You are viewing a plain text version of this content. The canonical link for it is here.
Posted to common-user@hadoop.apache.org by Rares Vernica <rv...@gmail.com> on 2009/08/27 03:52:45 UTC

control map to split assignment

Hello,

I wonder is there is a way to control how maps are assigned to splits
in order to balance the load across the cluster.

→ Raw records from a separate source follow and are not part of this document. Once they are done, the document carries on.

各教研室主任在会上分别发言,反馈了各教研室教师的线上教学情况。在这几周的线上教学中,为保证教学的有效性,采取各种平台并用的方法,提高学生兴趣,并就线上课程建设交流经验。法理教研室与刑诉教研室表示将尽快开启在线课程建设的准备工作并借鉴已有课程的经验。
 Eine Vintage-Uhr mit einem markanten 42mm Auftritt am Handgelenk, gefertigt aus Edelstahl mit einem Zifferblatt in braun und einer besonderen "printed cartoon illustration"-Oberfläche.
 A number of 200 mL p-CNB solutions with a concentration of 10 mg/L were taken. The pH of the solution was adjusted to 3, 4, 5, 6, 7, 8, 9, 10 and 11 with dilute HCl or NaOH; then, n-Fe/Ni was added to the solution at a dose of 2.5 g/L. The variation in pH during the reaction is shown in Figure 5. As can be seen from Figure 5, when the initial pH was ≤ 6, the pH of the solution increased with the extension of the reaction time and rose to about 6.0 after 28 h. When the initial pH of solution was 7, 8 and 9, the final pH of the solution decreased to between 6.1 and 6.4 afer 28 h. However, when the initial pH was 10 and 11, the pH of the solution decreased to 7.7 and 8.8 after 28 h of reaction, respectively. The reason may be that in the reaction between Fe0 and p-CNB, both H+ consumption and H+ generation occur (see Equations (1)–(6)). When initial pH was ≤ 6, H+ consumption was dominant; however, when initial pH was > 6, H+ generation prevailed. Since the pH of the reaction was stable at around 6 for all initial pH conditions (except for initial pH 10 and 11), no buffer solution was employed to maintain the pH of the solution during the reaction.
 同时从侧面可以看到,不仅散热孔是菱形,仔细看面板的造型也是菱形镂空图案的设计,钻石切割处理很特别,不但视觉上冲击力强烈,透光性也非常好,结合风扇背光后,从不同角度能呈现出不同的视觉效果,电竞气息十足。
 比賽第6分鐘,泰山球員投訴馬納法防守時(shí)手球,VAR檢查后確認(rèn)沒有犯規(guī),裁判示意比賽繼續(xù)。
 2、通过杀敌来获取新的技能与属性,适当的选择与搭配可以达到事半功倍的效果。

Here is a simplified example. I have tow types of inputs: "long" and
"short". Each input is in a different file and will be processed by a
single map task. Suppose the "long" inputs take 10s to process while
the "short" inputs take 3s to process. I have two "long" inputs and
two "short" inputs. My cluster has 2 nodes and each node can execute
only one map task at a time. A possible schedule of the tasks could be
the following:

Node 1: "long map", "short map" -> 10s + 3s = 13s
Node 2: "long map", "short map" -> 10s + 3s = 13s

So, my job will be done in 13s. Another possible schedule is:

Node 1: "long map" -> 10s
Node 2: "short map", "short map", "long map" -> 3s + 3s + 10s = 16s

And, my job will be done in 16s. Clearly, the first scheduling is better.

Is there a way to control how the schedule is build? If I can control
which inputs are processed first, I could schedule the "long" inputs
to be processed first and so they will be balanced across nodes and I
will end up with something similar to the first schedule.

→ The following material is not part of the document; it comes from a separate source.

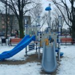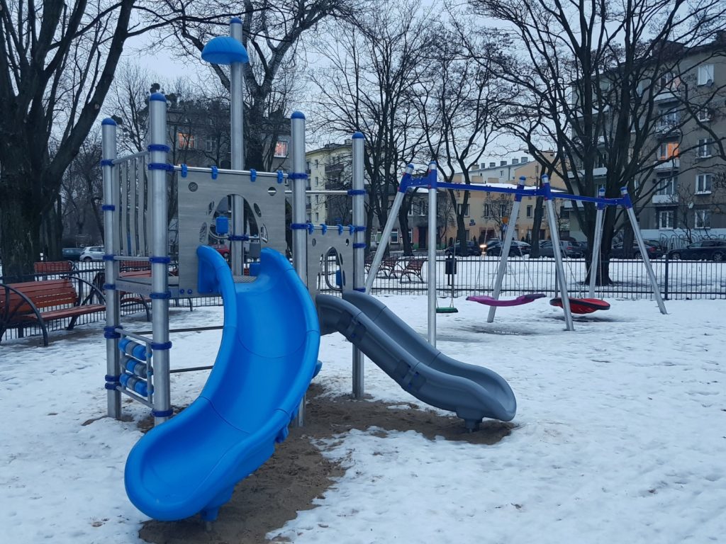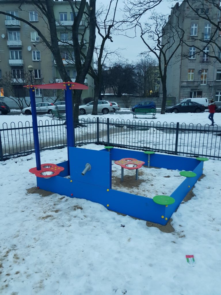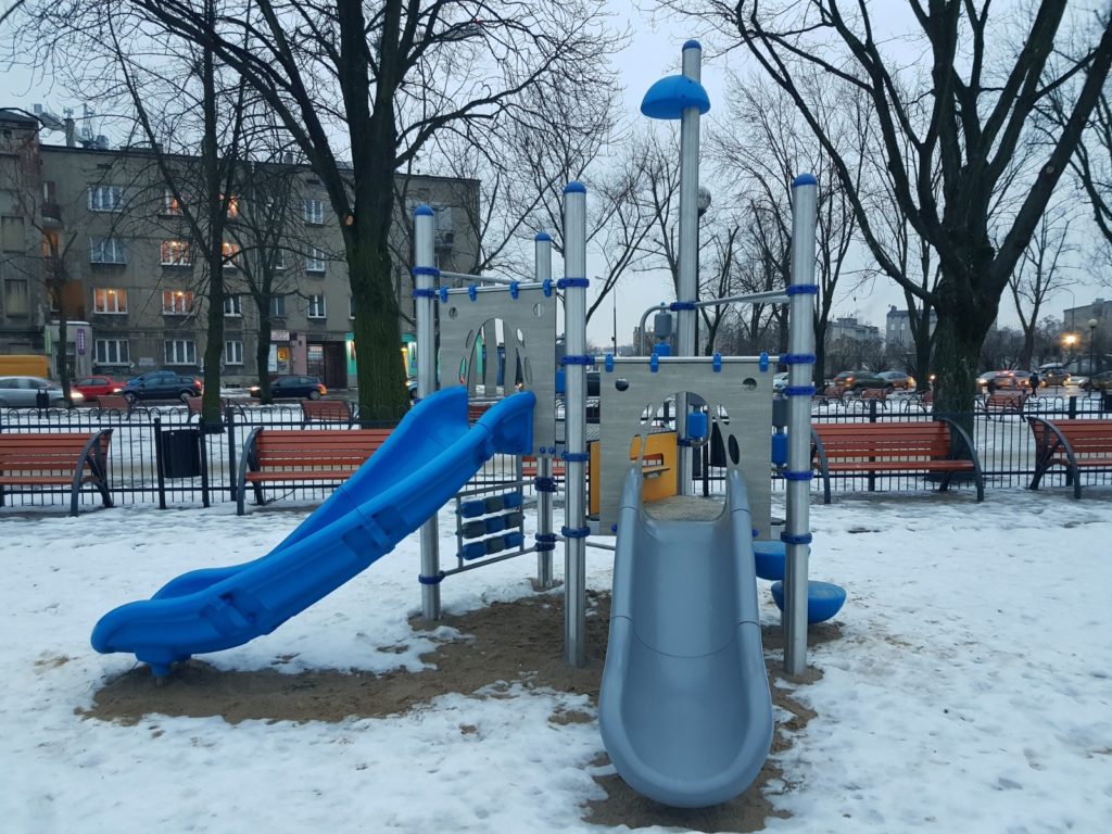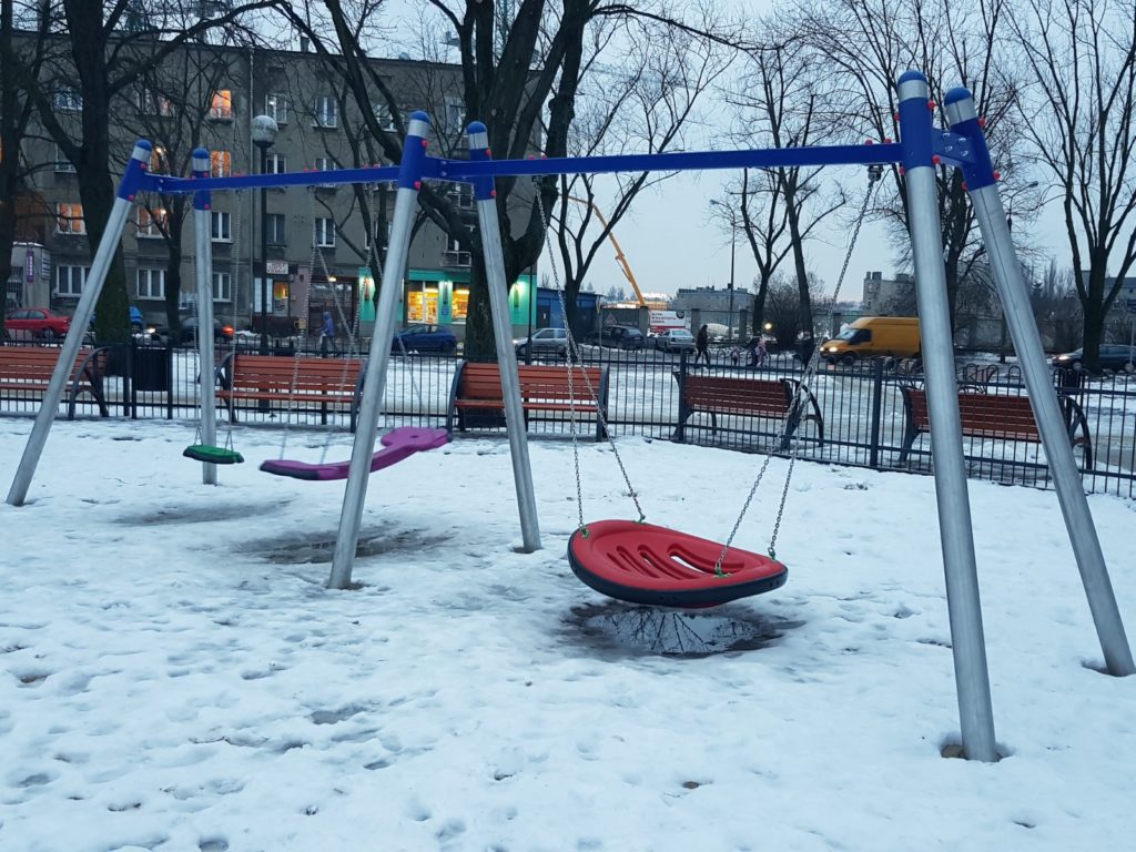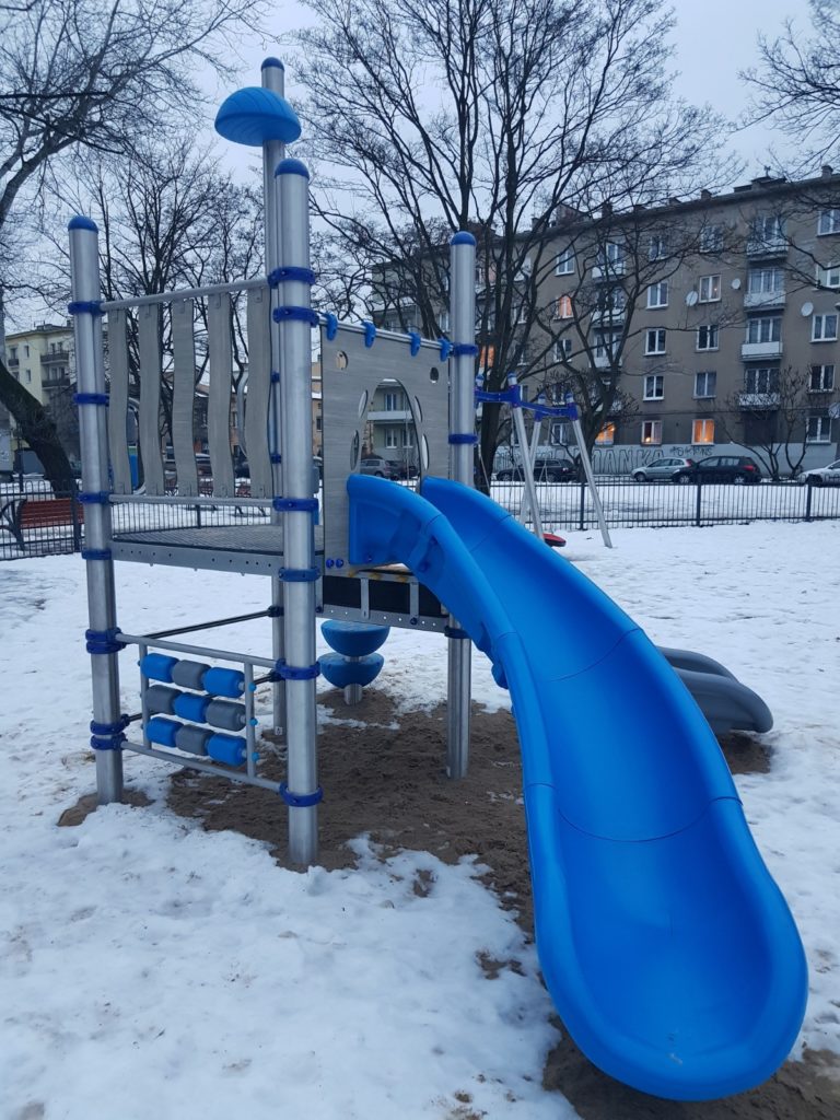 Zdjęcia poniżej pochodzą z oddania placu zabaw zimą. Czekamy na wiosnę kiedy zobaczymy go w otoczeniu zieleni. Dzieci z Łodzi też czekają aż zrobi się cieplej i będą mogły do woli spędzać czas na zjeżdżalniach, huśtawkach i mostach.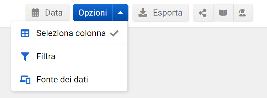 Sopra la tabella trovi una barra con varie opzioni.

I could configure the job so that a "long" input gets processed by
more that a map, and so end up balancing the work, but I noticed that
overall, this takes more time than a bad scheduling with only one map
per input.

Thanks!

Cheers,
Rares Vernica

Re: control map to split assignment

Posted by Alex Loddengaard <al...@cloudera.com>.
Hi Rares,

Unfortunately there isn't a way to control the scheduling of individual
tasks, at least as far as I know.  Might you be able to split this up into
two jobs: one for the "short" inputs; another for the "long" inputs?  Just a
thought.

Alex

On Wed, Aug 26, 2009 at 6:52 PM, Rares Vernica <rv...@gmail.com> wrote:

> Hello,
>
> I wonder is there is a way to control how maps are assigned to splits
> in order to balance the load across the cluster.
>
> Here is a simplified example. I have tow types of inputs: "long" and
> "short". Each input is in a different file and will be processed by a
> single map task. Suppose the "long" inputs take 10s to process while
> the "short" inputs take 3s to process. I have two "long" inputs and
> two "short" inputs. My cluster has 2 nodes and each node can execute
> only one map task at a time. A possible schedule of the tasks could be
> the following:
>
> Node 1: "long map", "short map" -> 10s + 3s = 13s
> Node 2: "long map", "short map" -> 10s + 3s = 13s
>
> So, my job will be done in 13s. Another possible schedule is:
>
> Node 1: "long map" -> 10s
> Node 2: "short map", "short map", "long map" -> 3s + 3s + 10s = 16s
>
> And, my job will be done in 16s. Clearly, the first scheduling is better.
>
> Is there a way to control how the schedule is build? If I can control
> which inputs are processed first, I could schedule the "long" inputs
> to be processed first and so they will be balanced across nodes and I
> will end up with something similar to the first schedule.
>
> I could configure the job so that a "long" input gets processed by
> more that a map, and so end up balancing the work, but I noticed that
> overall, this takes more time than a bad scheduling with only one map
> per input.
>
> Thanks!
>
> Cheers,
> Rares Vernica
>